** Opening SOURCE MATERIAL block **

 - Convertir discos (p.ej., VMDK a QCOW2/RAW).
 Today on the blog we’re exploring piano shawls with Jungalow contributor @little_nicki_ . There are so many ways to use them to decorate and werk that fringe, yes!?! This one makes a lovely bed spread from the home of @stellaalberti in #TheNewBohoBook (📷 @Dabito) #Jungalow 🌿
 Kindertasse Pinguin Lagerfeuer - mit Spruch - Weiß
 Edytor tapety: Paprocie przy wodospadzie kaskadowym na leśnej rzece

** Closing SOURCE MATERIAL block **
** Opening SOURCE MATERIAL block **

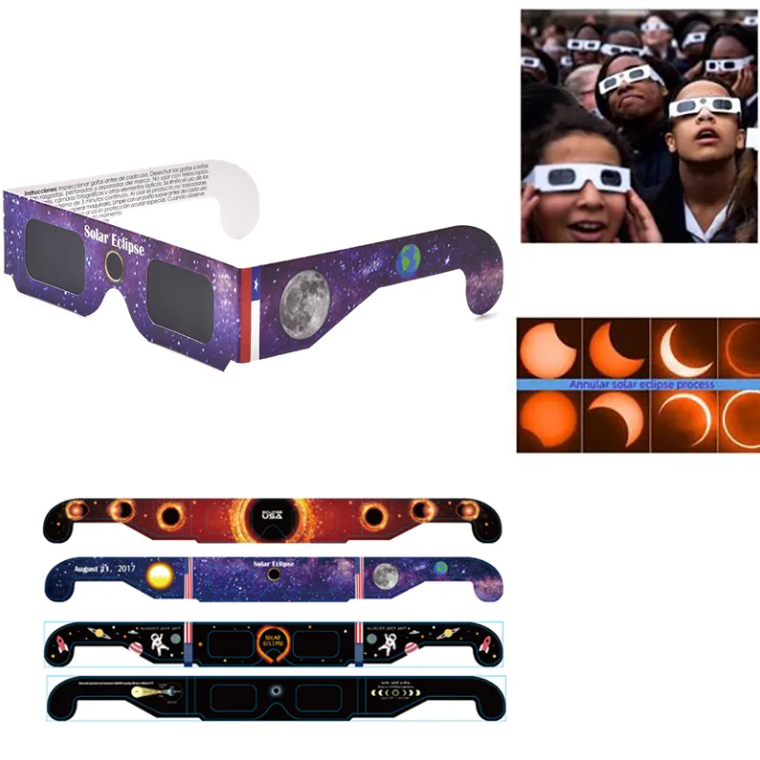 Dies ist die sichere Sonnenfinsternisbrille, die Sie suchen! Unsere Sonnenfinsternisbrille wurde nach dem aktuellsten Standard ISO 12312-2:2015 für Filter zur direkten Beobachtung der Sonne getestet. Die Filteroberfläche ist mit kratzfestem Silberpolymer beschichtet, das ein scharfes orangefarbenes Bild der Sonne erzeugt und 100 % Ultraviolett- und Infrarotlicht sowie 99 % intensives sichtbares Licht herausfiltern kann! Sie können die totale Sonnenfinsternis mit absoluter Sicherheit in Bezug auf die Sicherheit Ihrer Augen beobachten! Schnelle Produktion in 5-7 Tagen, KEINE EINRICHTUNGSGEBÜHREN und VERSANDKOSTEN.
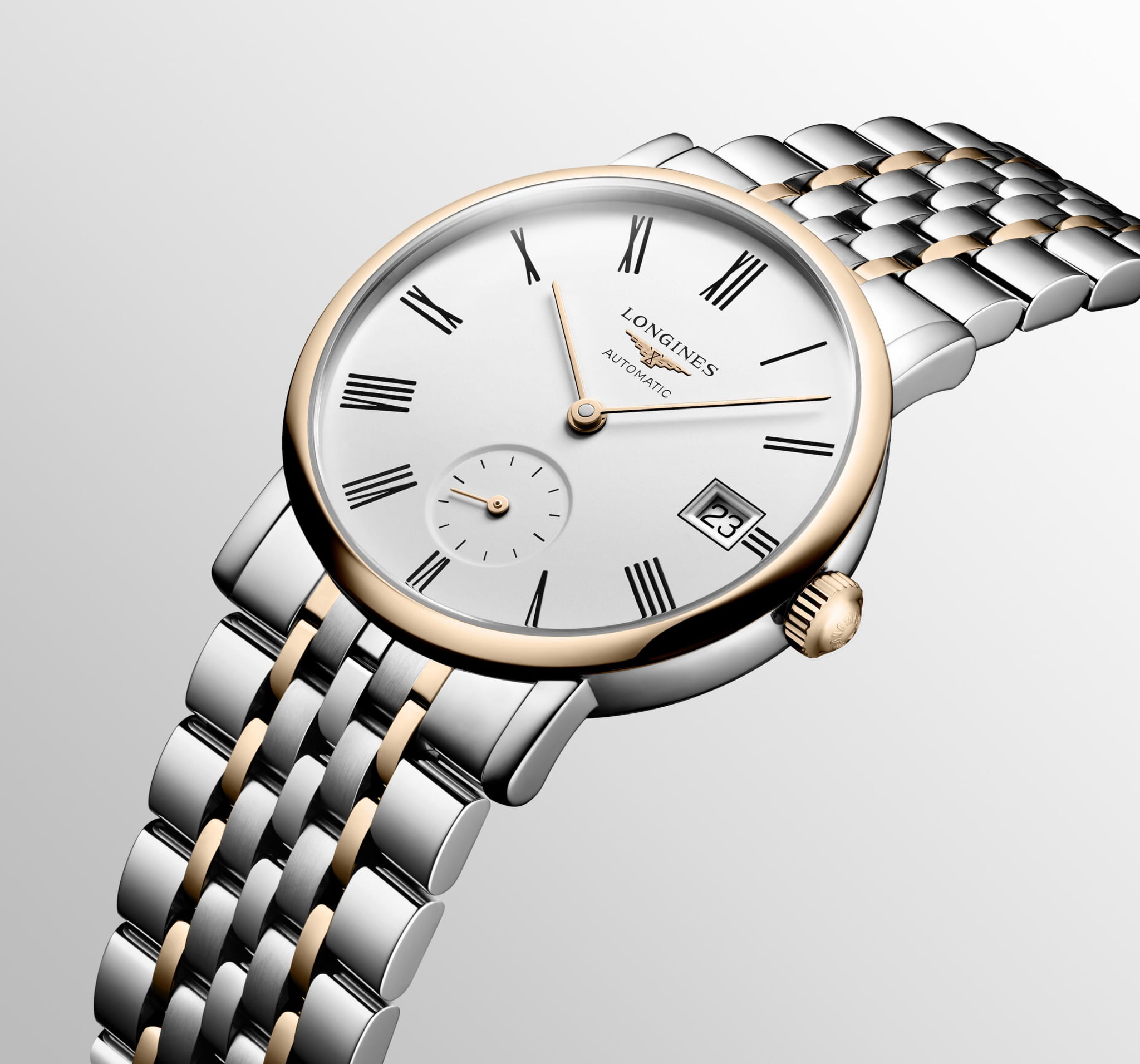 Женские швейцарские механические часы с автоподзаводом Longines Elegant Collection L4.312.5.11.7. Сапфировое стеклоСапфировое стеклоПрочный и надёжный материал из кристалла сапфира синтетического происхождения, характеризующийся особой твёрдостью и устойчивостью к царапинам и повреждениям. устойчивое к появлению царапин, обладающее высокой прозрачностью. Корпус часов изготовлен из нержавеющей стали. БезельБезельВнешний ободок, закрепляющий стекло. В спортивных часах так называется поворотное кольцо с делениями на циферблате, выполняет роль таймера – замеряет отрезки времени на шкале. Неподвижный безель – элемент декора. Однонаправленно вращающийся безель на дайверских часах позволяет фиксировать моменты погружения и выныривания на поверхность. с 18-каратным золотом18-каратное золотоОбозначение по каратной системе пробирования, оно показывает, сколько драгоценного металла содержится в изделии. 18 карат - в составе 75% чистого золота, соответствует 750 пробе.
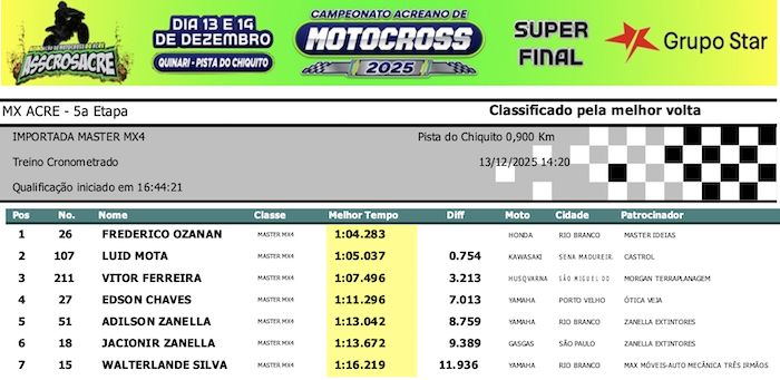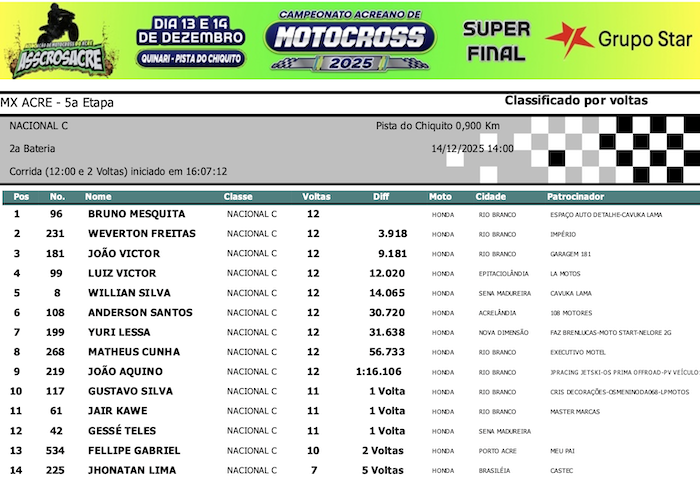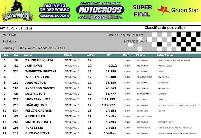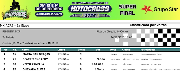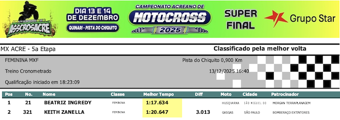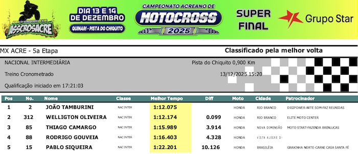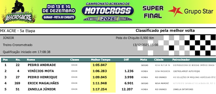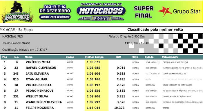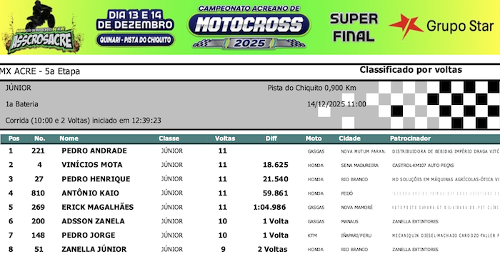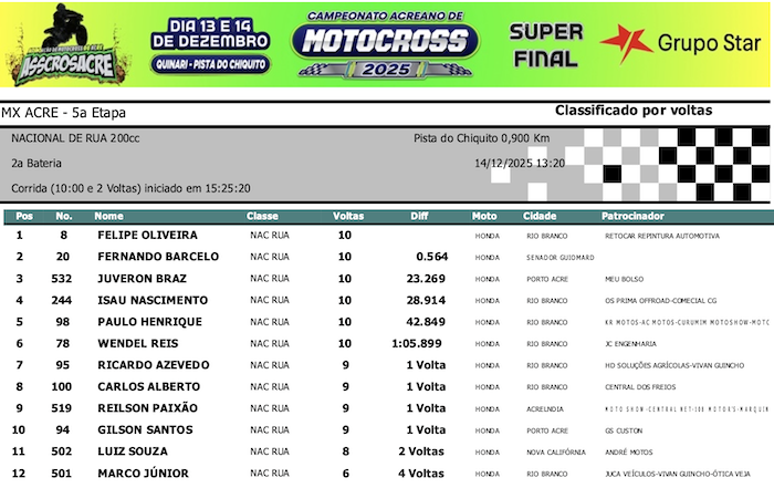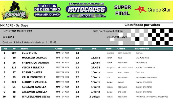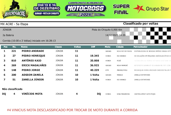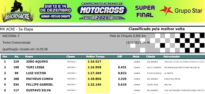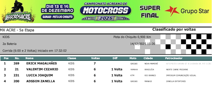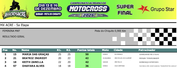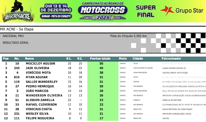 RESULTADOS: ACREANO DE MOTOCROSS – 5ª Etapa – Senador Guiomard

** Closing SOURCE MATERIAL block **

WORK TO BE COMPLETED: Take the records above and return, word for word, only the lines that fall from the line with "- Convertir discos" to the line with "Edytor tapety: Paprocie", both of them included.

OUTPUT FOR THIS TASK:
 - Convertir discos (p.ej., VMDK a QCOW2/RAW).
 Today on the blog we’re exploring piano shawls with Jungalow contributor @little_nicki_ . There are so many ways to use them to decorate and werk that fringe, yes!?! This one makes a lovely bed spread from the home of @stellaalberti in #TheNewBohoBook (📷 @Dabito) #Jungalow 🌿
 Kindertasse Pinguin Lagerfeuer - mit Spruch - Weiß
 Edytor tapety: Paprocie przy wodospadzie kaskadowym na leśnej rzece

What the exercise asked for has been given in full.